What is the full set of conditions?

It's true where the partial derivatives are all continuous. (But not an iff statement as far as I'm aware). — ah11950, Mar 25 '14 at 01:44
ah11950: That sounds like an answer (not a comment). Why don't you post it as an answer? — Frames Catherine White, Mar 25 '14 at 01:48
The point is that the discrete version of your formula, that is $$\Delta_t\Delta_x f = \Delta_x \Delta_t f, $$ where $\Delta_t f(x, t)=f(x, t +h)$ for a fixed increment $h$, is always true.
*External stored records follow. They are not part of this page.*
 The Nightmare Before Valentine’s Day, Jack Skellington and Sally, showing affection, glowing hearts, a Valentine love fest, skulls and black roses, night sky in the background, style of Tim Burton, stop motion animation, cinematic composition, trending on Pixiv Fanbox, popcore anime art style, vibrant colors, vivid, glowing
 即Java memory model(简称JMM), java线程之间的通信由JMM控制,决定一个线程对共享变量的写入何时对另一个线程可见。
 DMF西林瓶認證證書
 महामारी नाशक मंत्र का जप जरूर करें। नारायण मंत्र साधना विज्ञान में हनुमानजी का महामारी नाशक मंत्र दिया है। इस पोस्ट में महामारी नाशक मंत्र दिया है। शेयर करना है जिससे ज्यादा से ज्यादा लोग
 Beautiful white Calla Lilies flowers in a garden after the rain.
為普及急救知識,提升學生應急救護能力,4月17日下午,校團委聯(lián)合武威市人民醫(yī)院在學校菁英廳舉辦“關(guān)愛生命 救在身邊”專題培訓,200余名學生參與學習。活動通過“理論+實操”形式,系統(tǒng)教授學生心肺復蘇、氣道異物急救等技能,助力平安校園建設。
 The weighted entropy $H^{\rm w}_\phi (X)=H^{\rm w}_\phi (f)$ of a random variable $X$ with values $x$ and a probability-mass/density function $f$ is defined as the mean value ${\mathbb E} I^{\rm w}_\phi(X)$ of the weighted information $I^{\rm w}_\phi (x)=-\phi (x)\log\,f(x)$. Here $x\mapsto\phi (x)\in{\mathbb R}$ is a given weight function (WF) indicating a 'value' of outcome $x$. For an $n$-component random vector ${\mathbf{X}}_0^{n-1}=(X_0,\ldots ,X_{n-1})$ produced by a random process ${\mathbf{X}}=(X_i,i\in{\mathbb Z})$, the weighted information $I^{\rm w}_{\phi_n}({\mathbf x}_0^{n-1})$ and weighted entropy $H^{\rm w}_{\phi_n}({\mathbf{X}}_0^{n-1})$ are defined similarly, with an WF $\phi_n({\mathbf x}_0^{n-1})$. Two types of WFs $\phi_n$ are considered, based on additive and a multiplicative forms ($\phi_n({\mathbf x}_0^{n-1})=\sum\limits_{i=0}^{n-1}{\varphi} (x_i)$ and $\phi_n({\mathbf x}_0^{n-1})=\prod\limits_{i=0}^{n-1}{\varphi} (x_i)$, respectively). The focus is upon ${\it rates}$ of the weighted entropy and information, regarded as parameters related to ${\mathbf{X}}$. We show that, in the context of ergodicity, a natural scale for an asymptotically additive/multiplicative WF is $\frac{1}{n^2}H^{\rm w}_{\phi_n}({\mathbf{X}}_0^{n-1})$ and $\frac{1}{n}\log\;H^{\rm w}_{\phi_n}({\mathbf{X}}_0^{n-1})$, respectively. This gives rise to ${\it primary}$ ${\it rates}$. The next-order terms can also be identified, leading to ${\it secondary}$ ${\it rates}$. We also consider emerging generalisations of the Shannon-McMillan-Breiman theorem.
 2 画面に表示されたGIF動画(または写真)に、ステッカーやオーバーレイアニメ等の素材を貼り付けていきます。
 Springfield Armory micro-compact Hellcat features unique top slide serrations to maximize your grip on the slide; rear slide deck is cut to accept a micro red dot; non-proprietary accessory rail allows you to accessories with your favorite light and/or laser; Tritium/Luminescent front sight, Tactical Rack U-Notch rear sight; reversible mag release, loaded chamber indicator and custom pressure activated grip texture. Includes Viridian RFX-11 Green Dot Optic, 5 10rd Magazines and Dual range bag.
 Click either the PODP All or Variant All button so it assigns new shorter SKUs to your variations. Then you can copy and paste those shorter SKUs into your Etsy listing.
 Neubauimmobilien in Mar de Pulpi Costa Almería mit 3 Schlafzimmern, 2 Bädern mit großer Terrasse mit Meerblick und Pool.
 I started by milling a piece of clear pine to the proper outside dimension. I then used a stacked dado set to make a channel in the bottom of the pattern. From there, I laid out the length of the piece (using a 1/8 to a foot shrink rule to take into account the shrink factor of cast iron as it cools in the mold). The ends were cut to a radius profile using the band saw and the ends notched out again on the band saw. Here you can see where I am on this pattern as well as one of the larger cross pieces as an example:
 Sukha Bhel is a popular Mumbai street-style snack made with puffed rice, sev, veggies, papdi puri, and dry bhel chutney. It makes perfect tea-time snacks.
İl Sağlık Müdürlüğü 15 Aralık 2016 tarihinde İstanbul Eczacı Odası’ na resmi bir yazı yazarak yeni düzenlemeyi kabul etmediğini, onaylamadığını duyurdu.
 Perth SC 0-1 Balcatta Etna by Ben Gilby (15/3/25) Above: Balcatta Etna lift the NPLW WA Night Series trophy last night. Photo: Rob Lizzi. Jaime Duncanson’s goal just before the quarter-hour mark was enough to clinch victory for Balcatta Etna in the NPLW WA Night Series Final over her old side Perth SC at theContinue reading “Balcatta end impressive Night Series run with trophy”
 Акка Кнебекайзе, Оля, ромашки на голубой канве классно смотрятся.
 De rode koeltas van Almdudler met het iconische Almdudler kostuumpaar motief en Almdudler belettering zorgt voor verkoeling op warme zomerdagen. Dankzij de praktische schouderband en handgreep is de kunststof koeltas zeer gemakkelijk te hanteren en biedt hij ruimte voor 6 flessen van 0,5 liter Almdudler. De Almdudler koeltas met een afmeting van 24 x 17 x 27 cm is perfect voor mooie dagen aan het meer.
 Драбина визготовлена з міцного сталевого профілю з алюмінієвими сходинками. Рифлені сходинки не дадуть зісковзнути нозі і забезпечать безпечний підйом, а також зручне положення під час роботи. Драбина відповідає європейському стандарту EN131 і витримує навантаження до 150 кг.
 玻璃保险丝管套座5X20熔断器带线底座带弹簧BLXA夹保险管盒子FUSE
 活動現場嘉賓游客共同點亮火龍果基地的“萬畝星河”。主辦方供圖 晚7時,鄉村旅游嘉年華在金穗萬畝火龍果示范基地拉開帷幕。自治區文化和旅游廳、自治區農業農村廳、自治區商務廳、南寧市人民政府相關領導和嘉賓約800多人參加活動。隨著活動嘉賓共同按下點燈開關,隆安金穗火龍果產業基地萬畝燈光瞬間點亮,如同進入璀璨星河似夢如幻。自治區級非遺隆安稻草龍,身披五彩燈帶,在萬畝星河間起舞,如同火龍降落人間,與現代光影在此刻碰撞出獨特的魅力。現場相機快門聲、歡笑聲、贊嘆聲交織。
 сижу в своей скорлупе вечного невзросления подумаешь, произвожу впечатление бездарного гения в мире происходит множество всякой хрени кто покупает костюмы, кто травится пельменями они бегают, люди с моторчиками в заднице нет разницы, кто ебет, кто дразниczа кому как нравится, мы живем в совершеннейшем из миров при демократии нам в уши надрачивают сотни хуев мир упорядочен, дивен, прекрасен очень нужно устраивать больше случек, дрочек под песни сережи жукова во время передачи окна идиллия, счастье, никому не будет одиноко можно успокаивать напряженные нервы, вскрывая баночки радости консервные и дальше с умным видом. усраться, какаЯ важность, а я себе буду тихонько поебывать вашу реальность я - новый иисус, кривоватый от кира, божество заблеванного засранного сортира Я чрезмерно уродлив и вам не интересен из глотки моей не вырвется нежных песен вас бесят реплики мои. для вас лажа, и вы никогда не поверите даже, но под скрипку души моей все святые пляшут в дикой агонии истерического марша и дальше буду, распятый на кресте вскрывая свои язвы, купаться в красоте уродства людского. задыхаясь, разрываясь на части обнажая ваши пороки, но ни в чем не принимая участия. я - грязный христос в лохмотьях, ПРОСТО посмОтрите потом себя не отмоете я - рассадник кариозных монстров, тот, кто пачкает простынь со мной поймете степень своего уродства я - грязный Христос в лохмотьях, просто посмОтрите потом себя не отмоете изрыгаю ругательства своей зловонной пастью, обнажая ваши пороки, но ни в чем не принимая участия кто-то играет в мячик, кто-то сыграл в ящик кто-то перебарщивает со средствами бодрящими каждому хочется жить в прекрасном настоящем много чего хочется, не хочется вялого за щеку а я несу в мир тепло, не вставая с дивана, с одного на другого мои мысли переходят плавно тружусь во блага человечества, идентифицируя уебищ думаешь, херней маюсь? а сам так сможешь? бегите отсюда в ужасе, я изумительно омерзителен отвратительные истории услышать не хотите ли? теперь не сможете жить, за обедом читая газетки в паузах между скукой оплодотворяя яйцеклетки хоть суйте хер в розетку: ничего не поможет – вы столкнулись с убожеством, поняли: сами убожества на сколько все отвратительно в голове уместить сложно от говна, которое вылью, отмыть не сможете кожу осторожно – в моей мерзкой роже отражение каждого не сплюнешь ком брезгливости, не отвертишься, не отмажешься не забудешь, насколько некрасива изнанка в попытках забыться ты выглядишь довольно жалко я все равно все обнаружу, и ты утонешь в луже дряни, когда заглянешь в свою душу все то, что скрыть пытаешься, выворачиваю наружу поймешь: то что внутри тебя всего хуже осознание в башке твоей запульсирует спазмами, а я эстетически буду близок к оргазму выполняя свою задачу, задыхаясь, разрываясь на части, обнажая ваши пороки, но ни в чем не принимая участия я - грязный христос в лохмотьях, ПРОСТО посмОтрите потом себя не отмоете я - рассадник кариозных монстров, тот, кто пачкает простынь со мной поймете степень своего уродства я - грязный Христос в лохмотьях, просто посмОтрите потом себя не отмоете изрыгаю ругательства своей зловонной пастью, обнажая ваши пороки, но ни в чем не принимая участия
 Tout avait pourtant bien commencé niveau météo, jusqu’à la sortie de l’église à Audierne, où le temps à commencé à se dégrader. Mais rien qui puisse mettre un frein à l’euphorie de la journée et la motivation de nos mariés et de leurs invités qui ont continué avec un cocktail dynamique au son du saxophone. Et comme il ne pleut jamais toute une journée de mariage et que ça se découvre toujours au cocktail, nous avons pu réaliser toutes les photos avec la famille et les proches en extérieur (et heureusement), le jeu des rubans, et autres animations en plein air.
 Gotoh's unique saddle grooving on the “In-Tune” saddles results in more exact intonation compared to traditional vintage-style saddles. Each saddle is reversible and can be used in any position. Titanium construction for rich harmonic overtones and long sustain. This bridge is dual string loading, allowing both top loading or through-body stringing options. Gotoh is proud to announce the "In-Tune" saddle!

However, to infer from this that partial derivatives commute you need a limiting process and so you need at least some continuity. — Giuseppe Negro, Mar 25 '14 at 02:10
A notational quibble: I would write $\partial^2f$ where you wrote $\partial f.$ — David K, Jan 19 '25 at 04:27

score 4 · Accepted Answer · answered Mar 25 '14 at 01:58

4

It's true where the mixed partial derivatives are all continuous. (But not an iff statement as far as I'm aware).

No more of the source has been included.